For one thing, in the
SEC’s
interpretation of “Reg FD” – its “fair disclosure” regulation – the
watchdog points out that impromptu use of personal websites and social media
channels to disseminate material non-public information would probably still
breach the rules, irrespective of the number of followers or friends an
executive has.
Social media channels thrive on users’
spontaneity, which is why highly regulated companies that get all their
social media outpourings vetted in advance – such
as investment banks – are such lame
tweeters. But with the possible exceptions of Mr Hastings and
Facebook CEO Mark Zuckerberg (who wrote the official “founder’s letter” for
the network’s initial public offering
on his mobile phone), most chief executives are still likely to delegate
social media postings to their communications, compliance or investor
relations teams, using corporate accounts. It’s a shame, but there it is.
In any case, as Fortune’s
Dan Primack points out, the
SEC clarification falls short by not recommending that companies post
their social media disclosures in a central repository, as well as on, say,
Twitter and Facebook. Instead, it says companies should make “disclosures on
corporate web sites identifying the specific social media channels a company
intends to use for the dissemination of material non-public information”.

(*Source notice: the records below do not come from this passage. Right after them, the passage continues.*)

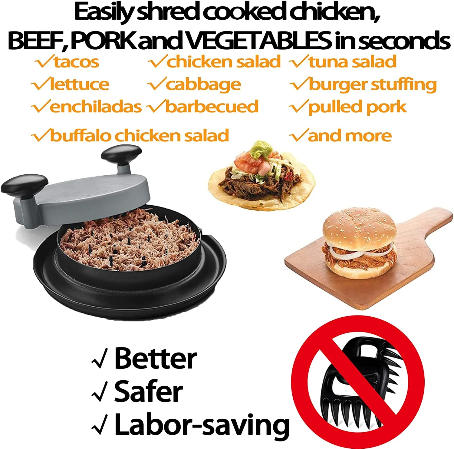 Chicken Shredder Tool with Handles and Non-Skid Base for Ground Beef Pulled Pork and Chicken 25CM/9.8inch
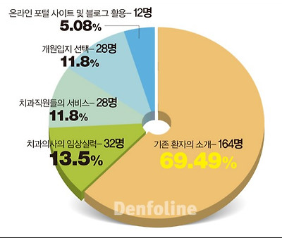 치과가 신환을 창출하기 위한 방법으로는 ‘기존 환자의 소개’가 가장 효과적이라는 응답이 69.49%로 압도적으로 높게 나타나 ‘기존 환자 관리’가 치과경영에 상당한 도움을 줄 수 있다고 보고 있는 것으로 조사됐다. 이어 ‘치과의사의 임상실력’이 중요하다고 생각한 응답이 그 뒤를 이었으며, ‘치과직원들의 서비스’와 ‘개원입지’도 중요한 요소로 꼽았다. ‘온라인 포털 사이트나 블로그 활용’은 의외로 5% 수준에 그쳤다.
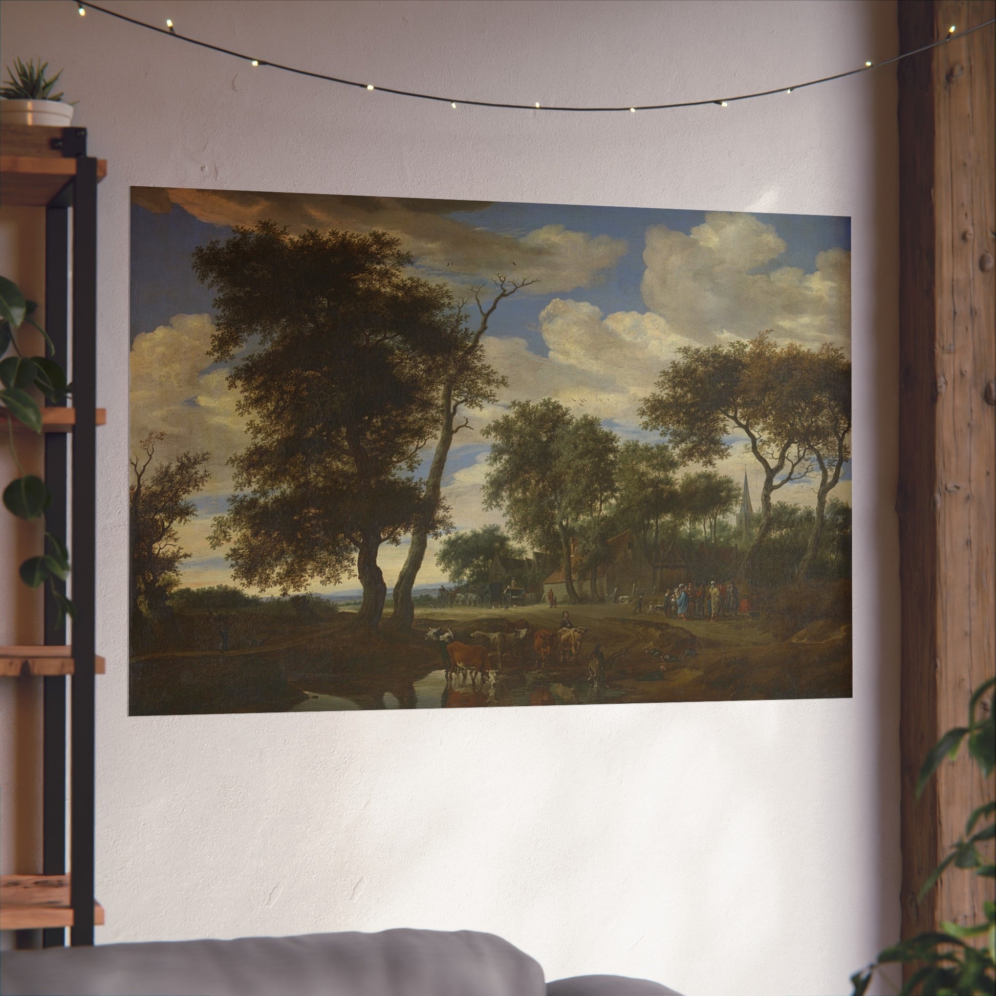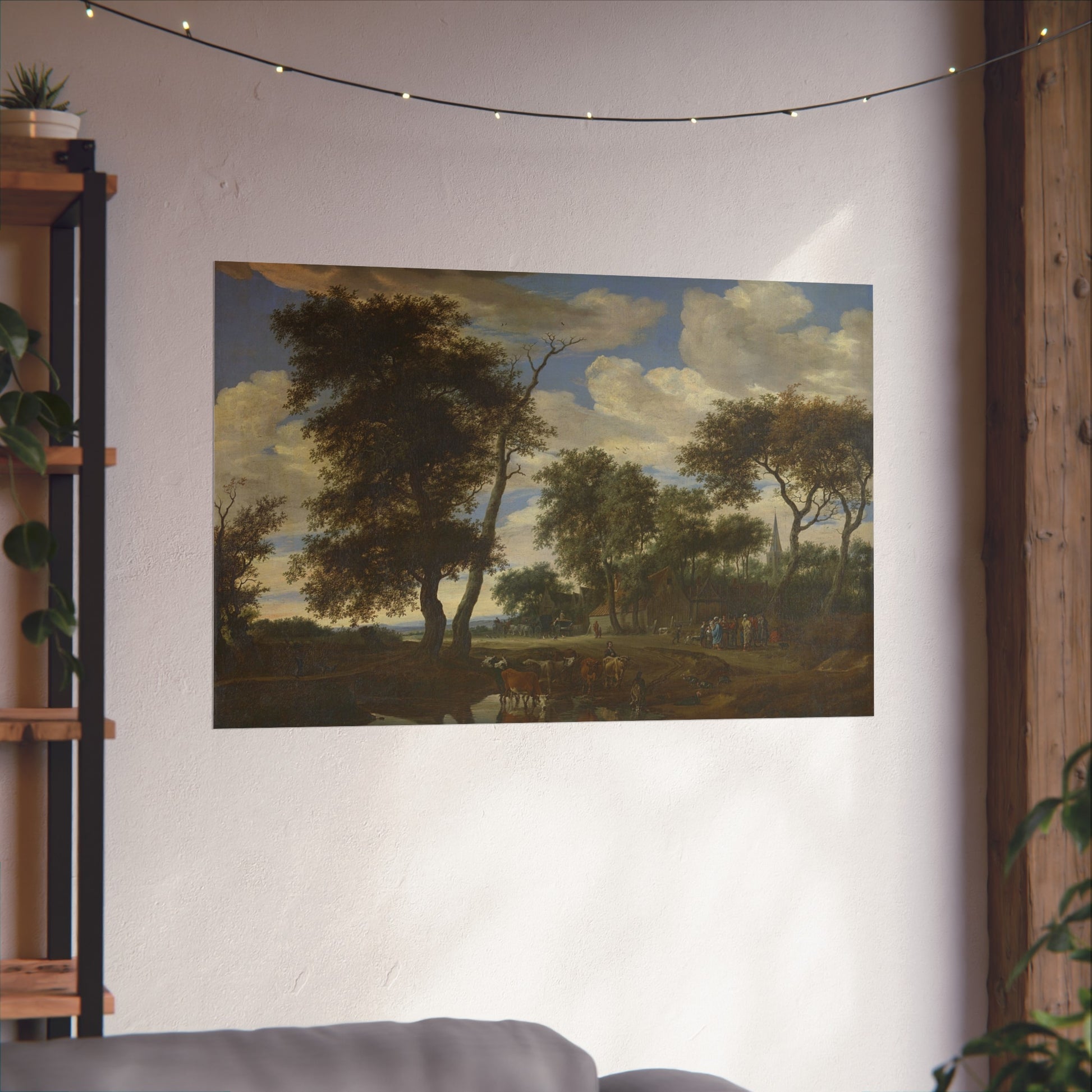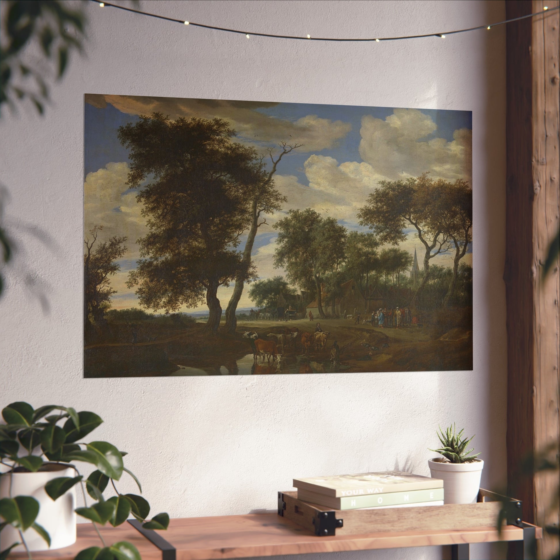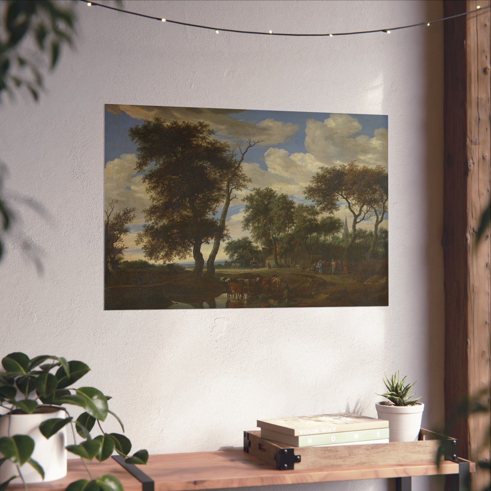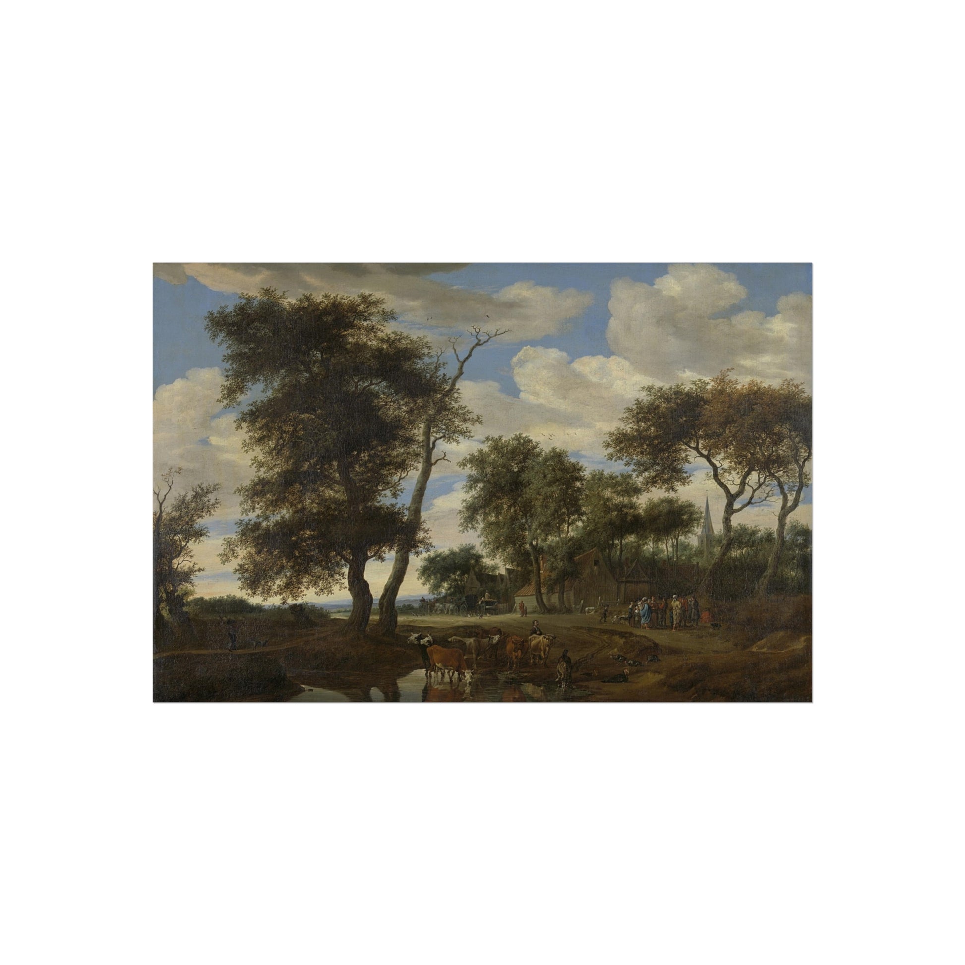 This picturesque scene captures the tranquility of rural life on the outskirts of a village. A couple of wagons have paused near an inn, while a gathering of villagers can be seen a little further down the road. The foreground is dominated by a herd of cows gathered around a pool under the sheltering boughs of towering trees.
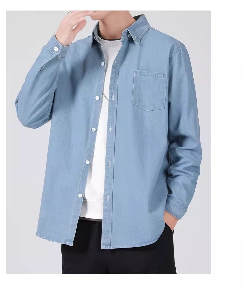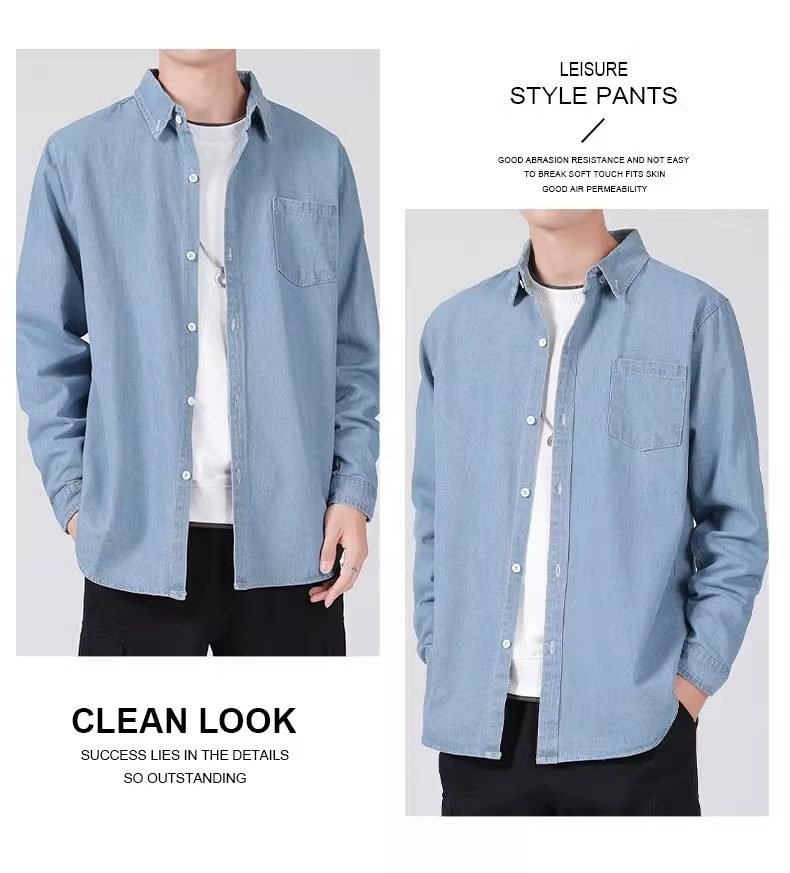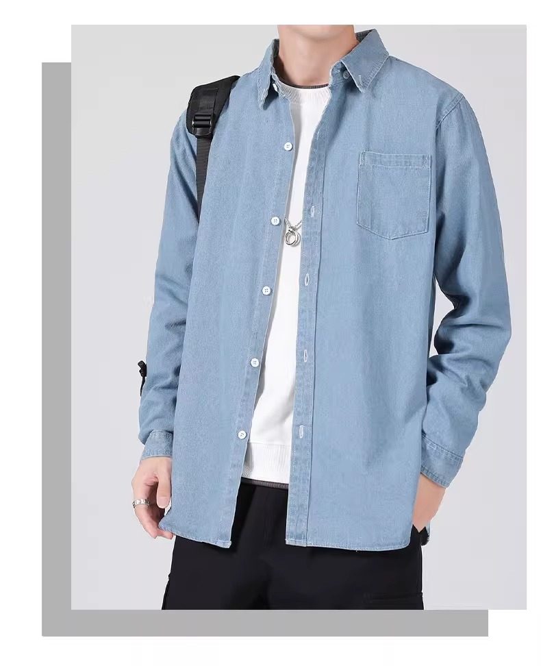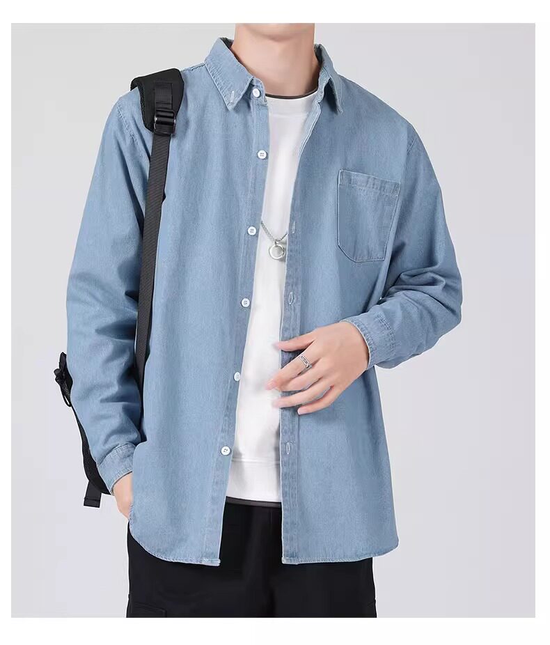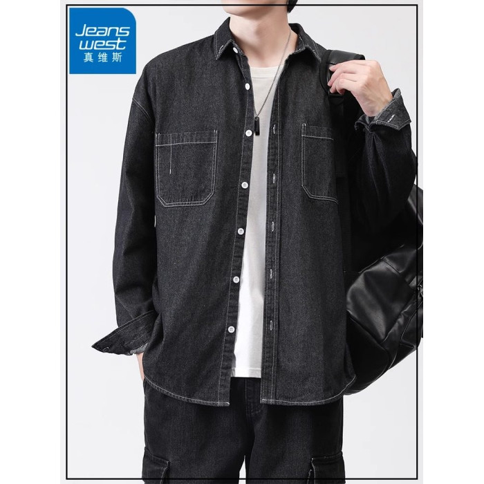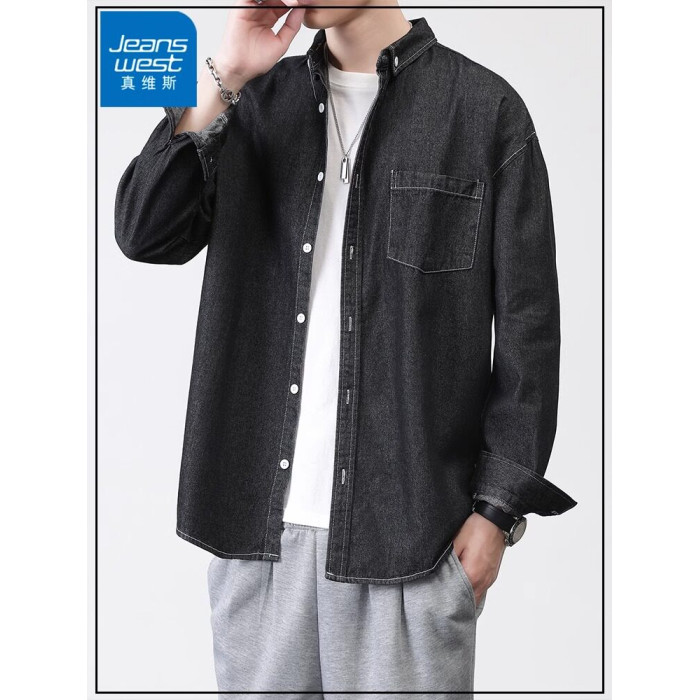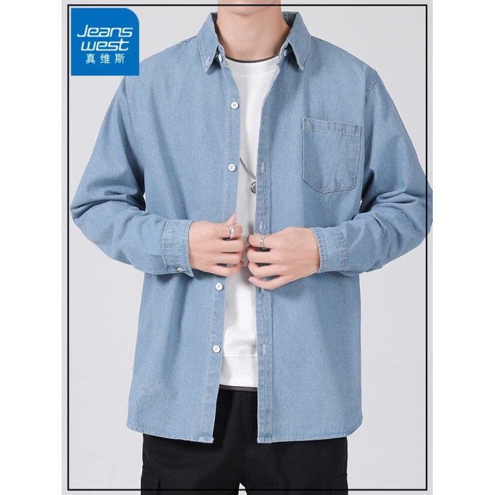 真維斯春秋季復古水洗外穿長袖牛仔襯衫男士寬鬆休閒薄款襯衣外套

Analysts, investors and journalists would have to subscribe to all such
channels to ensure they stayed abreast of new announcements.
Expect two consequences –
neither of which really advances the cause of social media, or the objective
of fair disclosure:
1) another layer of
regulatory boilerplate in corporate announcements (“We may on occasion
distribute information via the following non-exclusive list of social media
channels…” etc).
2) more dull, officially
sanctioned corporate-speak clogging up your timelines.